The publisher of Newsweek magazine and the Daily Beast website, Ray Chelstowski, is leaving, and the company is installing former CBS Interactive executive Eric Danetz as senior vice president of sales, according to a person familiar with the matter.
The move, effective immediately, signals the owner's dissatisfaction with the advertising performance of the magazine, which despite some recent momentum has continued to pile up losses since it changed hands last year. Newsweek and the Daily Beast are owned jointly by IAC/Interactive Corp. and the estate of stereo tycoon Sidney Harman.
The two properties were combined last year and Tina Brown was made editor-in-chief of the merged operation. At the time of the tie-up, executives said the deal would get both properties to profitability sooner than if they continued as independent entities. That was based partly on plans to sell advertising for both properties through an integrated sales strategy. Last year, Newsweek lost about $20 million and the Daily Beast lost about $10 million, according to people familiar with the matter.

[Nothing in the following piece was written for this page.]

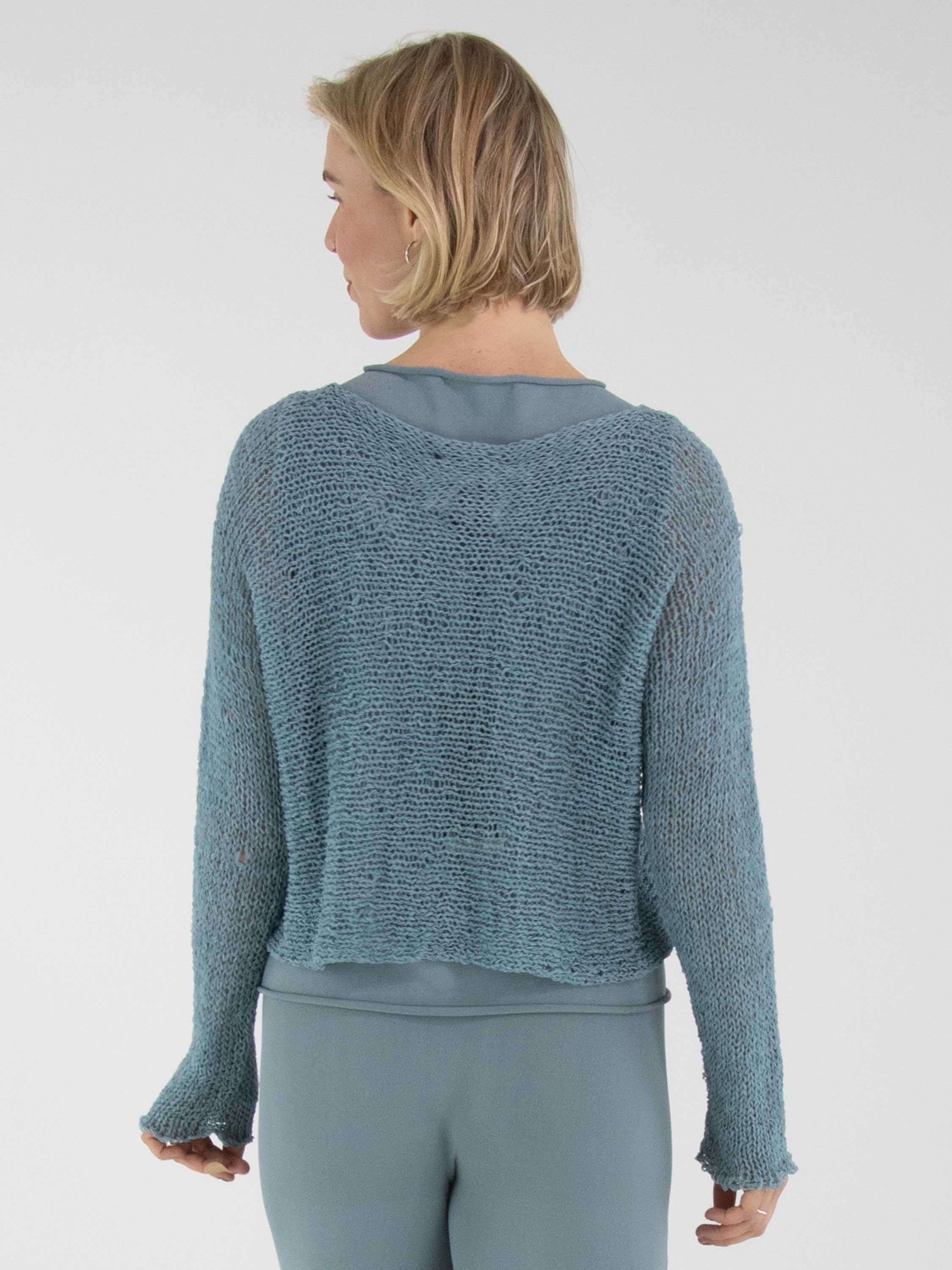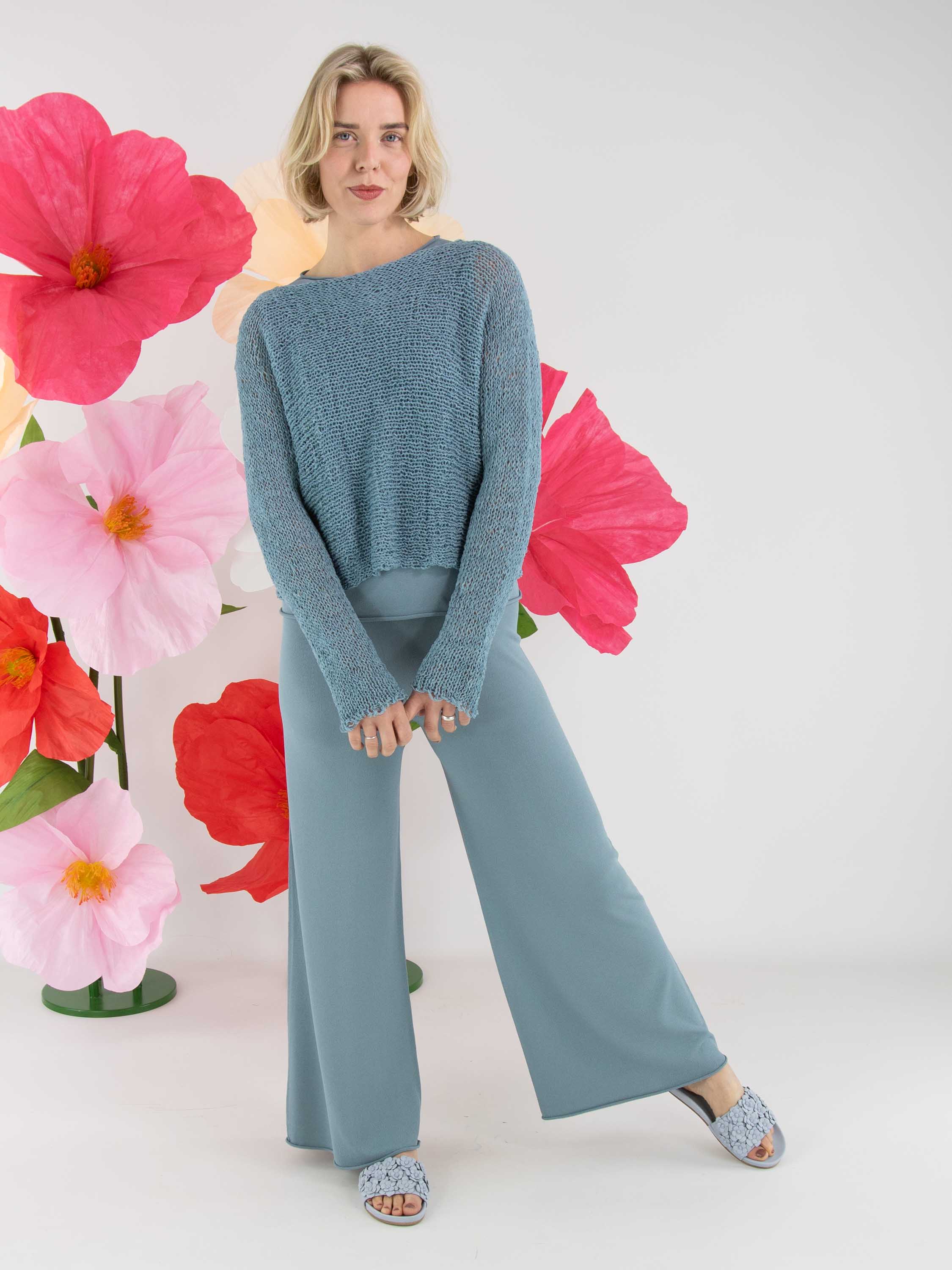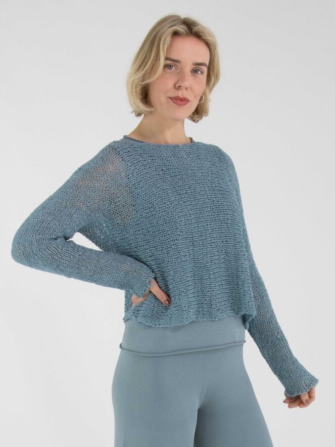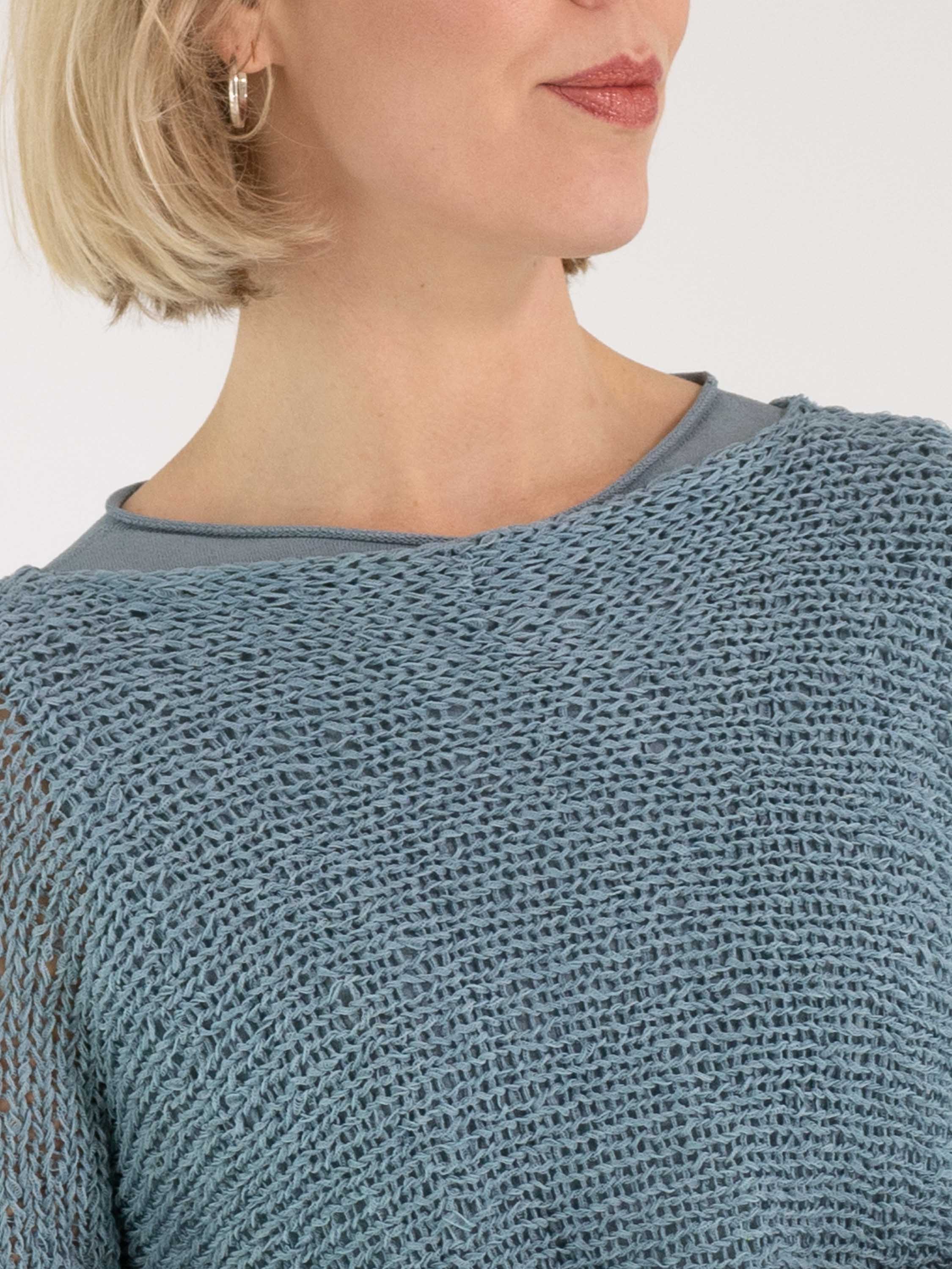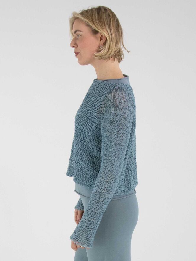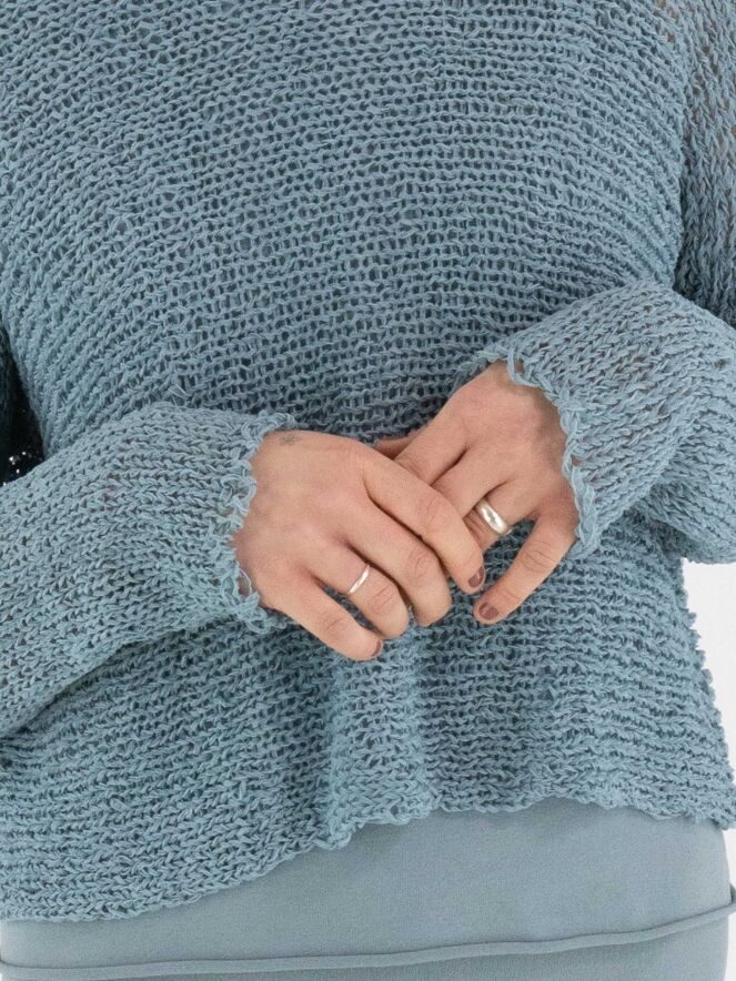 Ein Pullover von Annette Görtz, offen gestrickt aus Bändchengarn in Blau. Der Pullover hat einen Rundhalsausschnitt und lange Ärmel und kann von Hand gewaschen werden.

Danetz has been vice president of sales at CBS Interactive for the past four years.
Newsweek has picked up the pace of ad sales in the roughly eight months since it was re-launched under Brown.

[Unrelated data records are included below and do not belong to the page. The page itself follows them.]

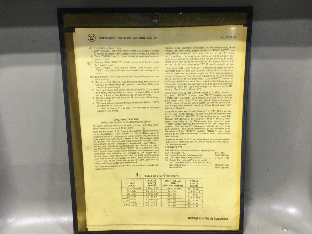 Westinghouse S140D481G01 3 Amp 60Hz 125V Amptector Tester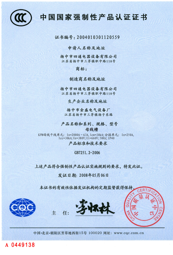 • 母線槽KFM中國國家強制性產(chǎn)品認證證書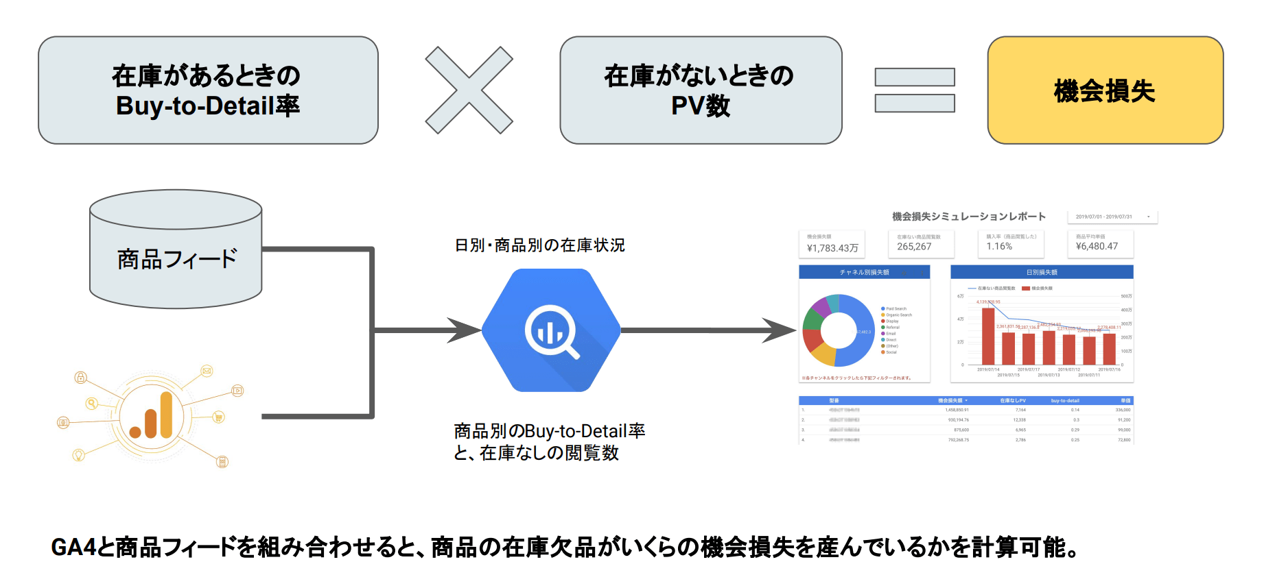 GA4では、商品別のBuy-to-Detail率(ある商品の詳細ページが閲覧された回数の内、購入される回数の割合)と、在庫がない時の詳細ページの閲覧数を得ることができます。これらを、Google Merchant Centerの日別・商品別の在庫状況のデータと組み合わせて、商品の在庫欠品がいくらの機会損失を産んでいるかを計算することが可能となります。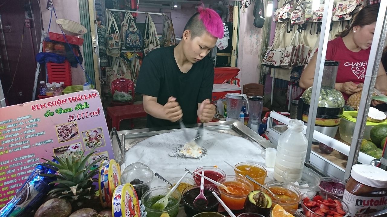夜8時頃行くと、たくさん人がいて賑やかでした。シーフードのお店、スムージー、ジュース、ロールアイス、ピーナッツ、洋服、真珠、小さい商店等がありました。シーフードのお店に入り、海老と野菜炒めとチャーハンを頼みましたが、全部美味しかったです。野良犬がテーブルの下にずっといるのが嫌でした。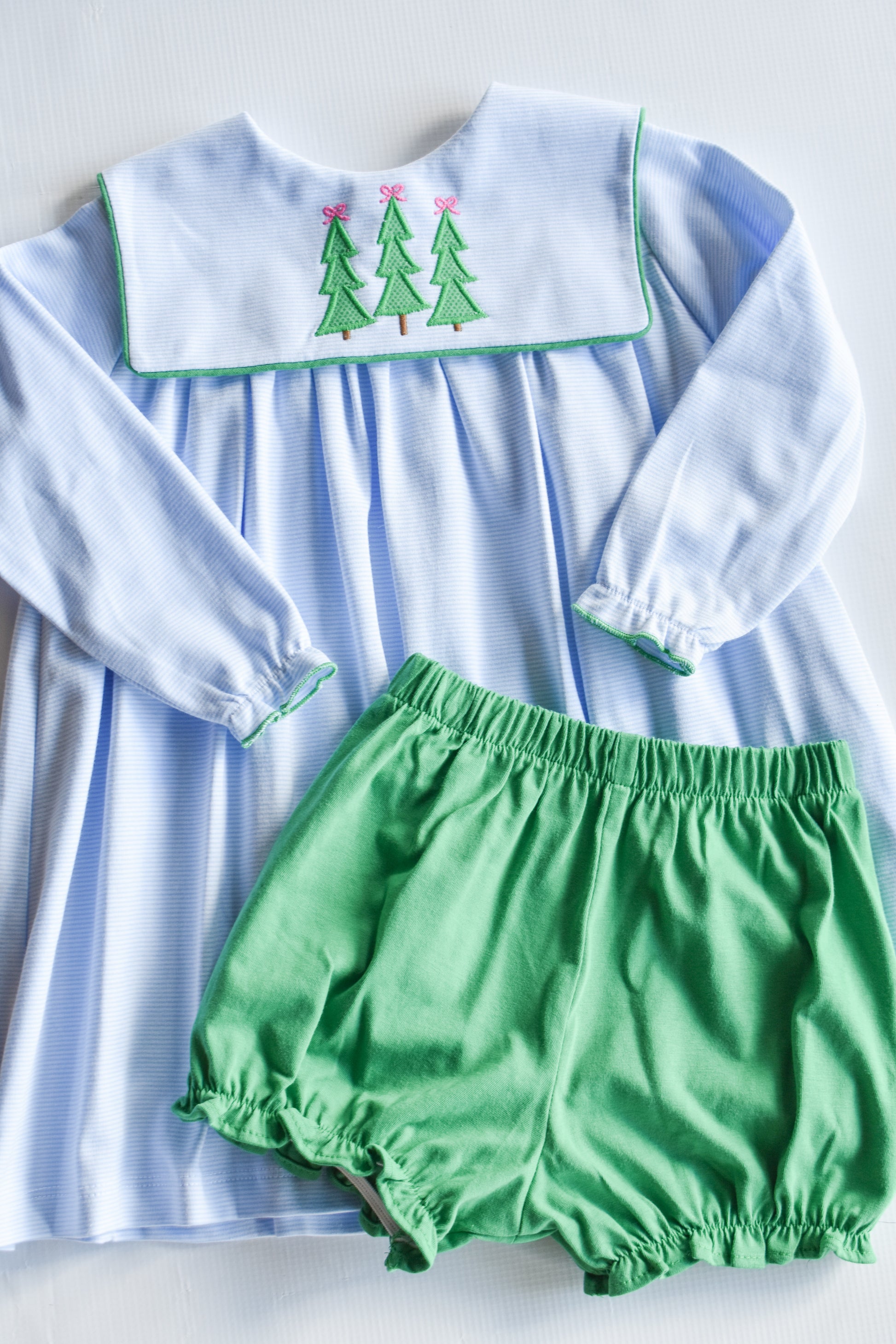 Dress your little one in cozy charm with the Enchanted Evergreens Float Bloomer Set. Featuring a soft blue striped knit top paired with delicate bloomers, this set is adorned with a festive Christmas tree applique that adds a touch of holiday magic. Perfect for playful days and holiday gatherings, it offers comfort and cuteness wrapped into one sweet outfit.

Before the re-launch, Newsweek was averaging about nine advertising pages per issue, about half as many as the magazine was drawing in the same period in 2010, according to Media Industry Newsletter, which tracks magazine advertising. Since then, the publication has averaged over 19 pages an issue, about flat compared to the same period a year earlier, though this year there were several more double-issues printed, according to MIN.

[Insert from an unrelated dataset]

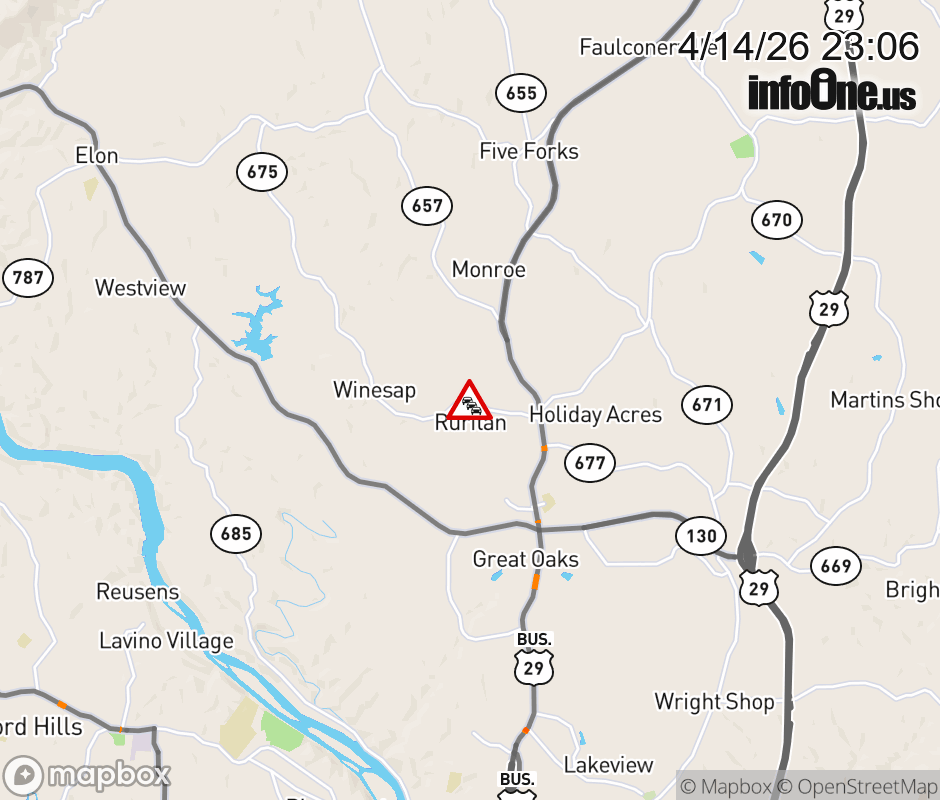 On Rt. 675 in the County of Amherst, in the vicinity of Mountainview Dr; Nottingham Pl; Winesap Rd; Rt. 1319N/S (Amherst County); Rt. 796N/S (Amherst County), motorists can expect delays due to weather. All east lanes are closed. All west lanes are closed. Updated: Tue 4/14/26 11:06 PM EDT ![]() Updated: Tue 4/14/26 11:06 PM EDT |

Newsweek notes that October ad pages were up 10% compared to a year ago and that the magazine is on pace to post an increase of 11% in November. The publication also said subscription renewals since the redesign are up 2.6% and that newsstand sales since then are up 20%.
Still, through the Nov. 7 issue, ad pages in Newsweek were down about 21% year-to-date compared to the same period a year earlier, according to MIN.
Harman died earlier this year, though his family said it would retain its 50% interest in the company and pledged its commitment to it.